▶ WORK ORDER
Leave the pictures out, and transcribe the material below exactly from the line with "로봇청소기 브랜드 드리미는" to the line with "もも組は友達と一緒に遊ぶこと", both lines included.

▶ AVAILABLE RECORDS
==========

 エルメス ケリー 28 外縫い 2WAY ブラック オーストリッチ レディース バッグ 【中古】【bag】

==========

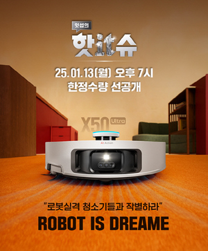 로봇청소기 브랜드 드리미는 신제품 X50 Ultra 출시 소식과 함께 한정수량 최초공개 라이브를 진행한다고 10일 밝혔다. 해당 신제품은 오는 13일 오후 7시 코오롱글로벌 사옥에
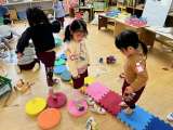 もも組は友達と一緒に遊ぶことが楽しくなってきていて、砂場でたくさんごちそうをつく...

==========

▶ TASK RESPONSE
 로봇청소기 브랜드 드리미는 신제품 X50 Ultra 출시 소식과 함께 한정수량 최초공개 라이브를 진행한다고 10일 밝혔다. 해당 신제품은 오는 13일 오후 7시 코오롱글로벌 사옥에
 もも組は友達と一緒に遊ぶことが楽しくなってきていて、砂場でたくさんごちそうをつく...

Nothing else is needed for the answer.